03/08/2022
il y a même une espèce de ridicule à débiter avec emphase l’éloge d’un homme qu’on n’a jamais vu
... Et nos hommes politiques, de tous grades, s'adonnent à l'exercice sans frémir, avec plus ou moins d'hypocrisie . Que ne prennent-ils exemple sur Pierre Desproges et Guy Bedos , autrement plus couillus qu'eux : https://www.huffingtonpost.fr/culture/video/guy-bedos-mor...
« A Louis-Elisabeth de La Vergne, comte de Tressan
À Ferney, 28 février [1767]
Votre souvenir m’a bien touché, monsieur, et votre ouvrage 1 a fait sur moi l’impression la plus tendre. Voilà comme je voudrais qu’on fît les oraisons funèbres. Il faut que ce soit le cœur qui parle ; il faut avoir vécu intimement avec le mort qu’on regrette.

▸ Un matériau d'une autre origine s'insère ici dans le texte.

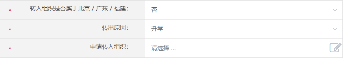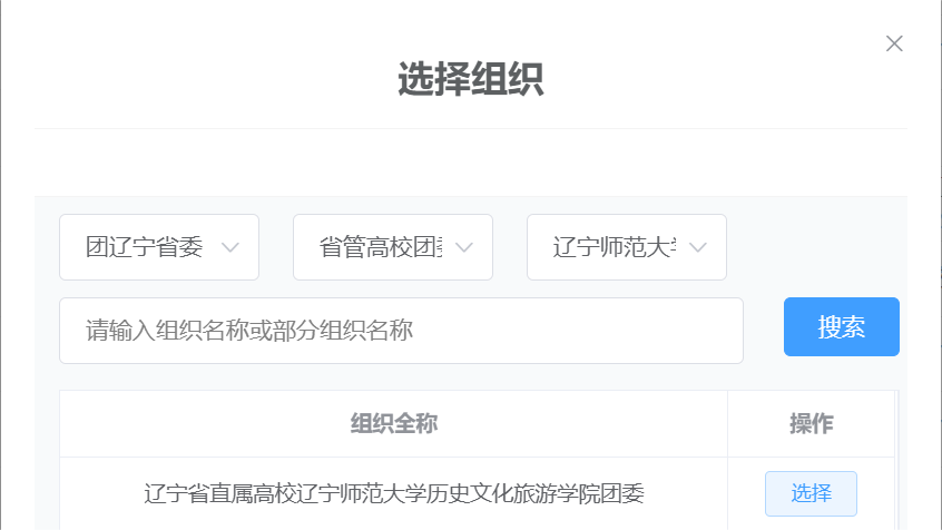 ③申请转入组织:点击选择“团辽宁省委”,“省管高校团委”搜索框内输入:“辽宁省省管高校万象城awcsport官网万象城awcsport官网”,之后在候选框中选择“万象城awcsport官网2025级研究生新生临时团支部”
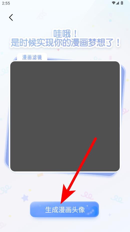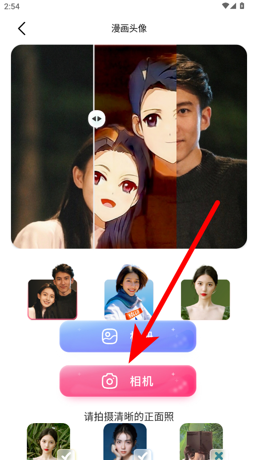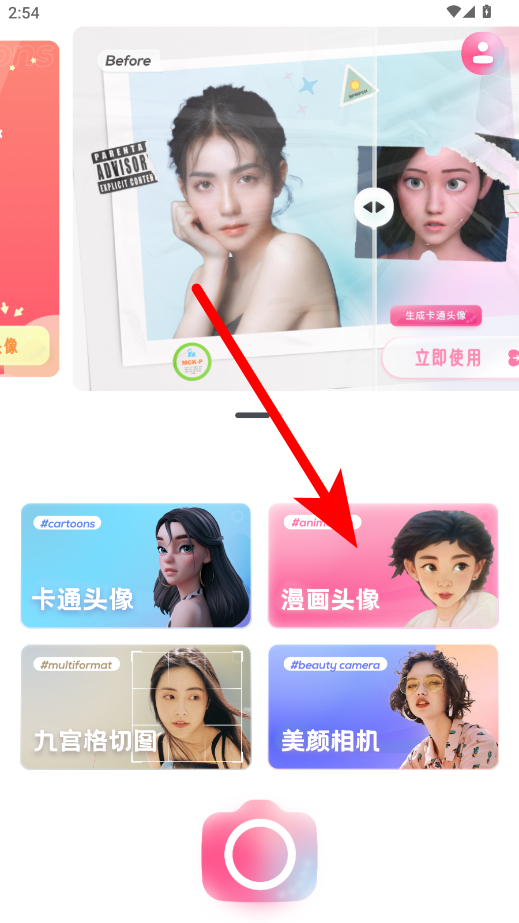 2、在漫畫頭像界面,點(diǎn)擊相機(jī)按鈕準(zhǔn)備拍攝照片。

C’étaient les parents ou les amis qui faisaient les oraisons funèbres chez les Romains. L’étranger qui s’en mêle a toujours l’air charlatan ; il y a même une espèce de ridicule à débiter avec emphase l’éloge d’un homme qu’on n’a jamais vu. Mais où sont les courtisans dignes de louer un bon roi ? il n’y a peut-être que vous. Les patriciens romains savaient tous parfaitement leur langue ; les lettres de Brutus sont peut-être plus belles que celles de Cicéron ; César écrivait comme Salluste : il n’en est pas ainsi parmi nous autres Velches. Votre ouvrage est vrai, il est attendrissant, il est bien écrit. Je vous remercie tendrement de me l’avoir envoyé.
Je me suis informé de vous à tous ceux qui ont pu m’en donner des nouvelles ; je ne vous ai jamais oublié. Je savais que vous aviez fait des pertes, et je croyais qu’on vous avait dédommagé. Vous comptez donc aller vivre en philosophe à la campagne ? Je souhaite que ce goût vous dure comme à moi. Il y a treize ans que j’ai pris ce parti, dont je me trouve fort bien. Ce n’est guère que dans la retraite qu’on peut méditer à son aise.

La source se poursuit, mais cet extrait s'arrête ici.